Danoceras Temporal range: ?M - Late Ordovician

Scientific classification
- Domain: Eukaryota
- Kingdom: Animalia
- Phylum: Mollusca
- Class: Cephalopoda
- Subclass: Nautiloidea
- Order: †Oncocerida
- Family: †Diestoceratidae
- Genus: †Danoceras Troedsson, 1926

= Danoceras =

Extinct genus of nautiloids

Danoceras is an essentially straight shelled oncocerid named by Troedsson in 1926, and included in the Diestoceratidae. It has been found in the upper, and possibly middle, Ordovician of Europe, (Estonia), Greenland, and Russia, (Taimyr Peninsula).
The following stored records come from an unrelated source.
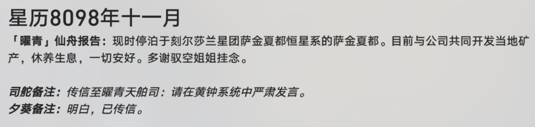 从立绘的信息来看,接下来我们将有机会踏上仙舟联盟的其他战舰——曜青,根据仙舟资料记载,曜青在联盟中主征讨,有部队“青丘军”,其将军正是我们立绘的主角飞霄。与罗浮的「垂虹卫」、「春霆卫」、「毕方卫」、「欃枪卫」相同,曜青上也有两支实力极强的云骑舰队:「鹤羽卫」和「丹歌卫」。联盟的各艘仙舟之间会通过黄钟系统相互报告现状,我们可以通过「罗浮」仙舟星历8098年的黄钟系统共鸣记录来了解这艘仙舟的情况:
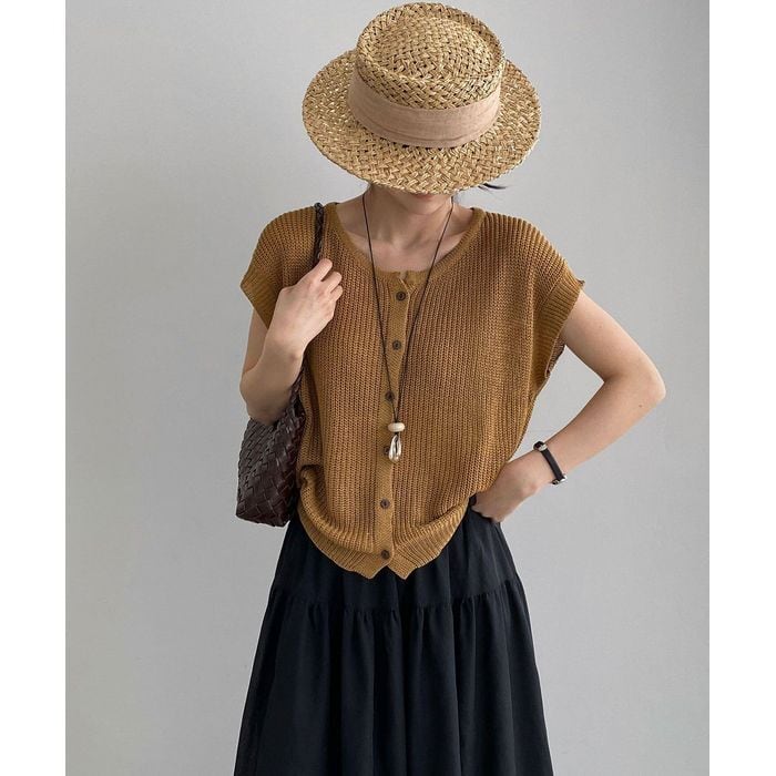 フロントのボタンを留めても外しても着られ、スタイリングの幅が広がる1枚です。
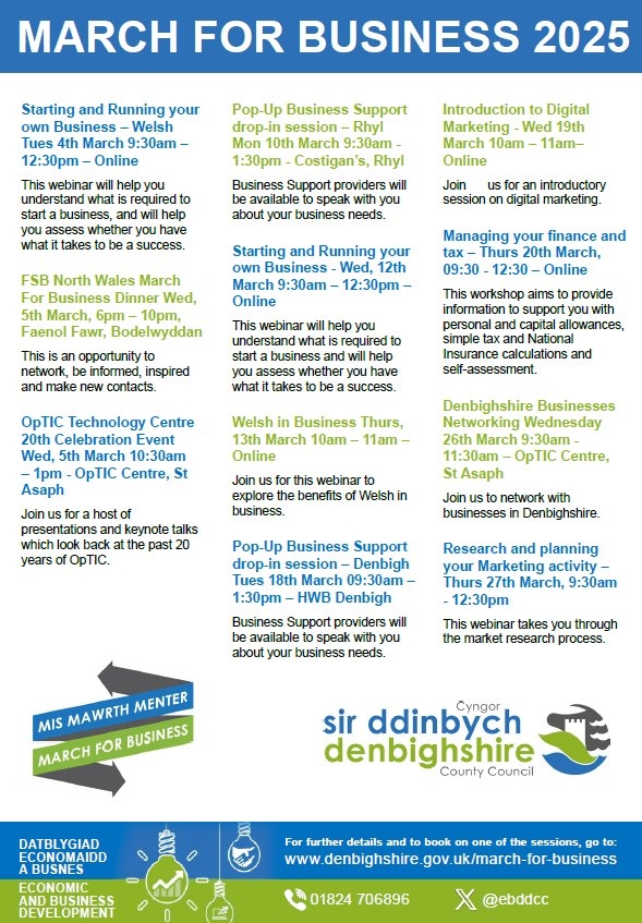 These events will be comprised of a mixture of networking events and workshops and will be hosted at various locations across the county as well as online and will offer professional and valuable advice and resources for free to Denbighshire’s local businesses.
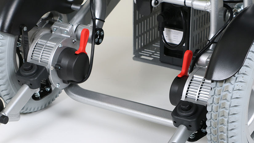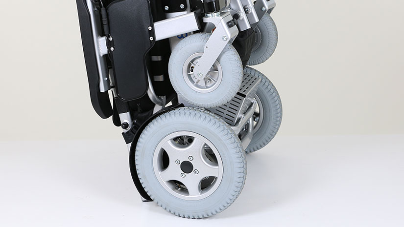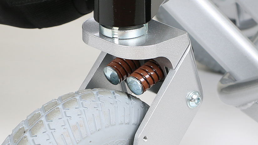 Packed with features like dual suspension and air-filled tires all around, this model is ideal for those living in rural areas. Adjustable armrests, an extra-large footrest, a comfort cushion and space for up to three batteries are just some of the model's highlights.
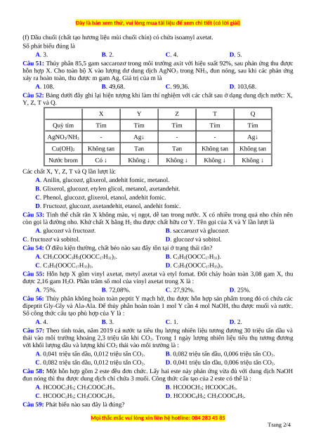 Câu 52: Bảng dưới đây ghi lại hiện tượng khi làm thí nghiệm với các chất sau ở dạng dung dịch nước: X, Y, Z, T và Q. X Y Z T Q Quỳ tím Tím Tím Tím Tím Tím AgNO3/NH3 - Ag↓ - - Ag↓ Cu(OH)2 Không tan Tan Tan Không tan Không tan Nước brom Có ↓ Không ↓ Không ↓ Không ↓ Không ↓
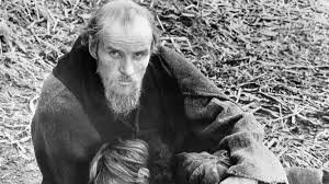 И вот, пока строилась колокольная яма, мы снимали разные эпизоды на натуре. Весь эпизод скомороха: он снимался одним куском, 250 метров; декорацию мы построили. Потом была история с полем льна (если вы помните такой эпизод: трое живописцев идут через поле со скирдами). Когда мы ехали на съемки, то выбрали это поле. Потом прошло время, мы его не снимали, не снимали, не снимали, наконец решили завтра снимать. Я думаю, дай-ка поеду проверю. Приезжаю — все убрано, поля нашего нет. Ну, думаю, далеко они его не могли убрать. Мне все это поле заново поставили, и мы снимали их троих, бегущих к дереву. В то время, когда снимали колокольную яму, готовили Владимир. Очень долго Андрей Арсеньевич с Юсовым искали место для «поисков глины». Мы объездили все окрестности Суздаля и Владимира и нигде никакой глины найти не могли. (Это когда Бориска кричит, что глину нашел.) И случайно, уже отсняв колокольную яму, мы увидели: ручеек бежит, и огромная такая глыба с глиной; уже весна началась, и она обнажилась. У этого места мы эту сцену и снимали.
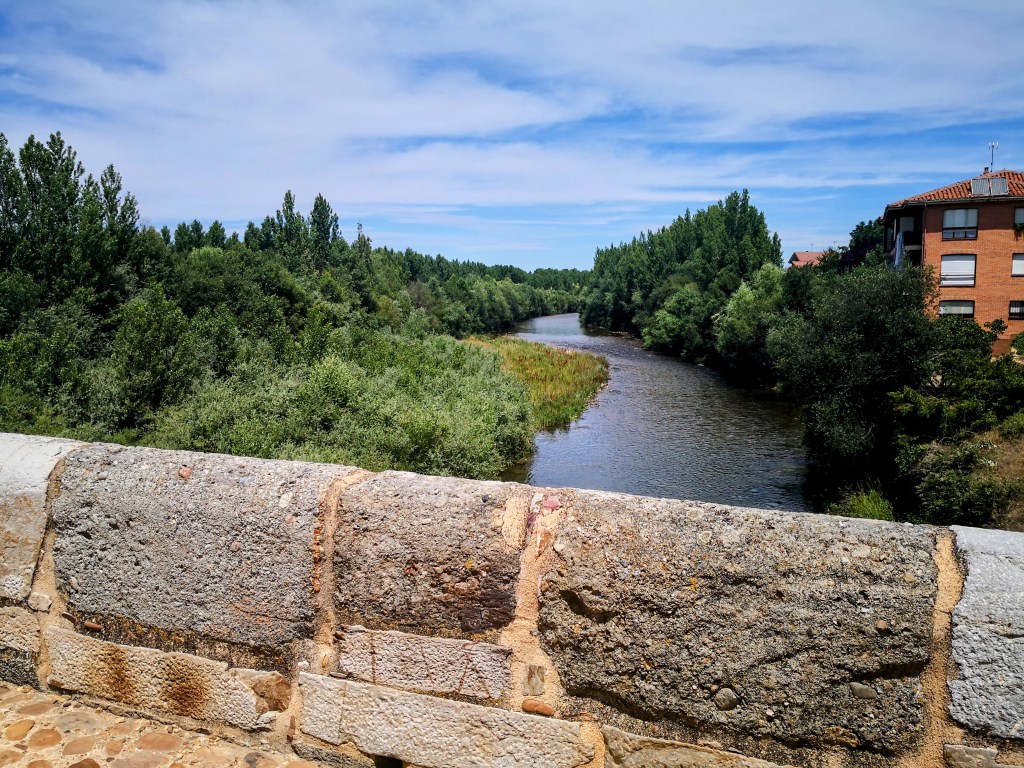 Na Castrojeriz rijden we weer door wijdse landschappen waarin pittige heuvelruggen na elke top weer een verrassing toveren. Zo dalen we af naar de Rio Pisuerga en de middeleeuwse brug met 12 bogen. Houd hier even halte om in de groene schaduw even te genieten van intimiteit en stilte. Even geen wind die in mijn oren alle toonaarden fluit. Wel moeilijk om vanaf de route een goede overzichtsfoto te nemen, dan maar een zijaanzicht.
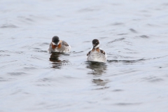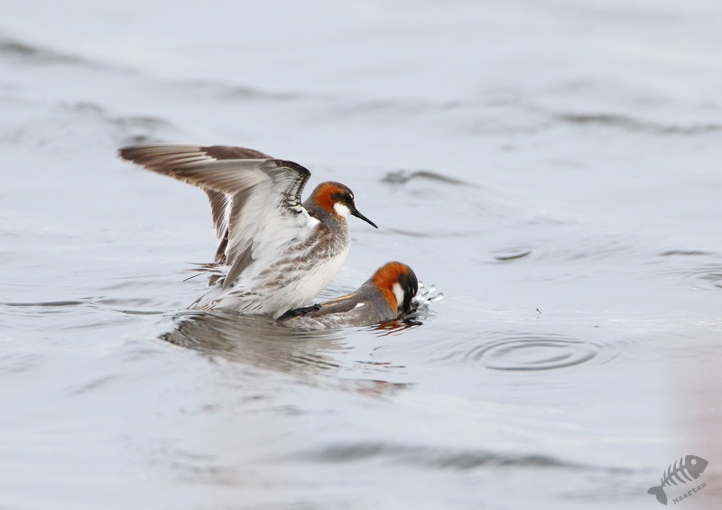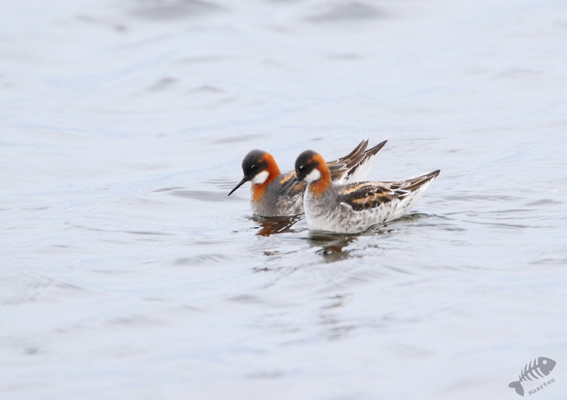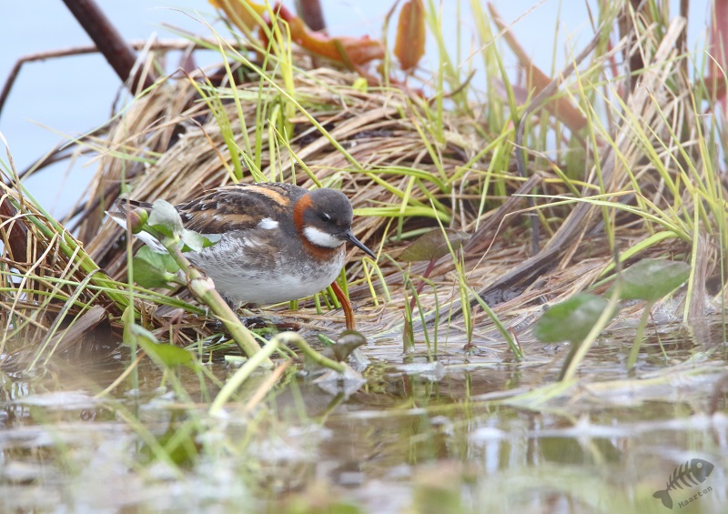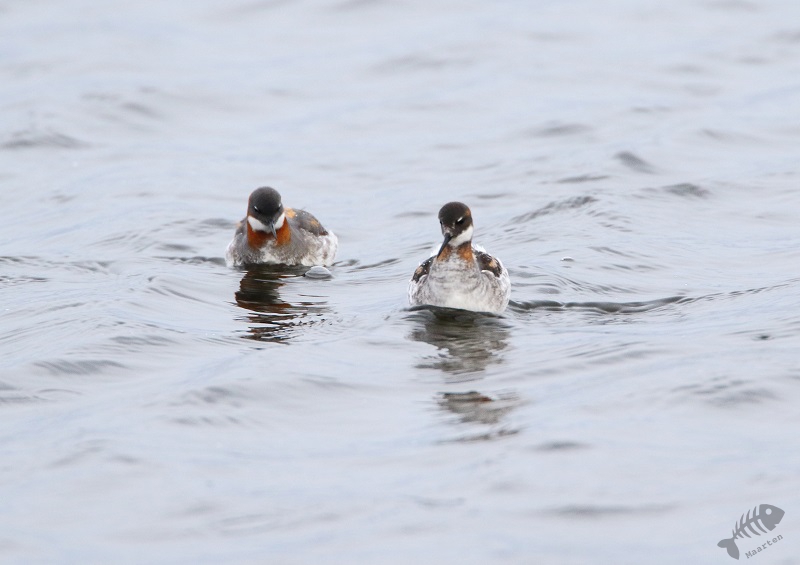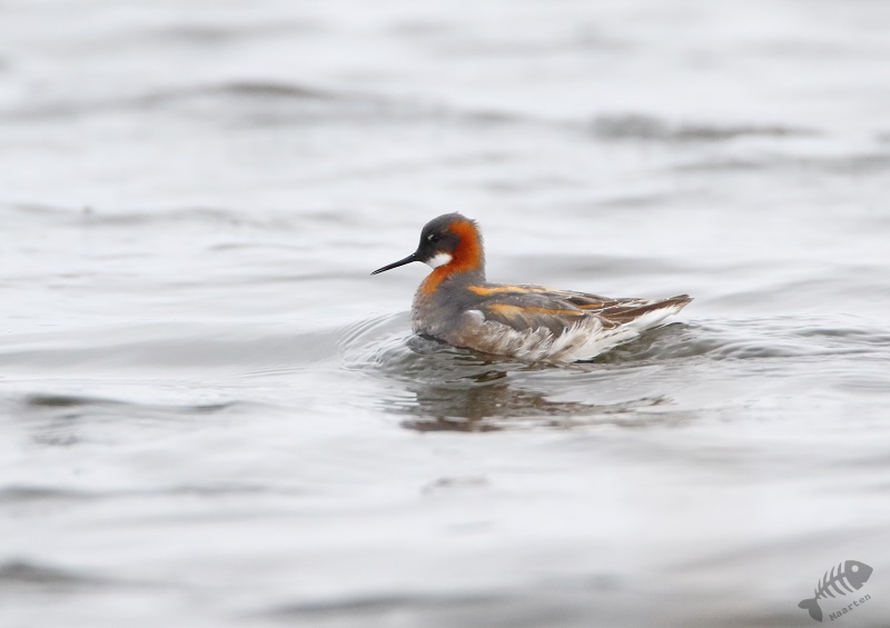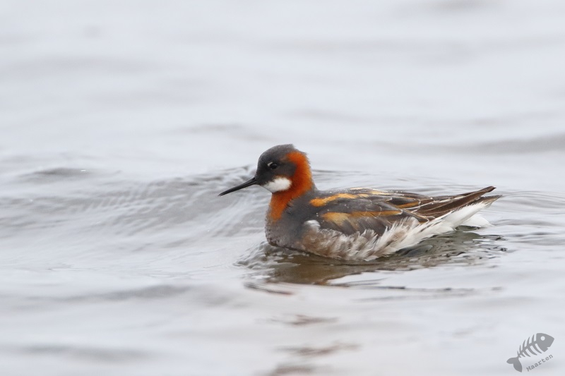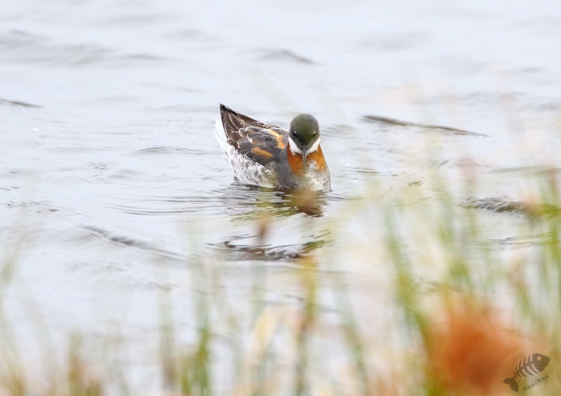 Ik had me voor de reis zeker 1 ding voorgenomen (een stuk meer dingen, maar dit was de eerste waar ik iets mee kon doen), en dat was naar Vadsø te gaan en dan meteen door naar Vadsøya om naar het meertje aan de oostkant van het eiland te gaan om te zien of er Grauwe Franjepoten zouden zijn. In het boek had ik gelezen dat er wel tot 200 zouden kunnen zitten en dat leek me wel wat! Ik heb dit altijd zo’n prachtige vogeltjes gevonden, zo bescheiden in de winter, maar zo kleurrijk in de zomer en dan komt hij ook nog voor in mijn favoriete vakantiebestemmingen! Aangezien het inmiddels juni is, gaat de zon nagenoeg niet onder in het hoge noorden. Ik kon dus nog rustig om 19 uur gaan, boodschappen doen in Vadsø en door naar de Franjepootjes. Ik had gedacht dat in het struikgewas op weg naar het meertje misschien wat zangertjes zouden zitten, maar ik hoorde alleen een dappere Fitis, die ik niet in beeld kreeg, en verder niets. Daarop ben ik maar snel doorgelopen en bij het meertje aangekomen te zijn bleek het, bijna, te kloppen! Er zwommen talloze Grauwe Franjepoten, geen 200 maar toch, en ik kon ze prachtig zien. In het begin zaten ze nog wat ver weg, maar toen ik een plek niet ver van het water had gevonden, een beetje verscholen, zwommen ze met een bepaalde regelmaat voor me langs en kreeg ik de volgende wenssoort prachtig op de foto. Alleen… Het weer was dramatisch. Het waaide enorm hard en koud en het regende er ook nog behoorlijk bij. Voor de vogels leek het niet heel veel uit te maken (ik zag zelfs een paring in het water), maar om te fotograferen waren het toch wel lastige omstandigheden. Ik besloot daarom dat het mooi was geweest en dat ik terug zou gaan naar het hotel om wat te eten en de eerste resultaten te bekijken. De kop was eraf! Dat smaakte zeker naar meer!

Named species include Danoceras ravni, type, D. inutile, D. scandinavicum, and D. skalbergensis.

The Danoceras shell is oval in section, laterally compressed with broadly rounded sides and narrowly rounded dorsum and venter. Chambers are short, septa close spaced, sutures straight and transverse. The siphuncle is subventral, close to but not touching the ventral margin. In form, cyrtochoanitic, necks recumbent.

Related genera include Diestoceras, Dowlingoceras, Lychholmoceras, and Suttonoceras.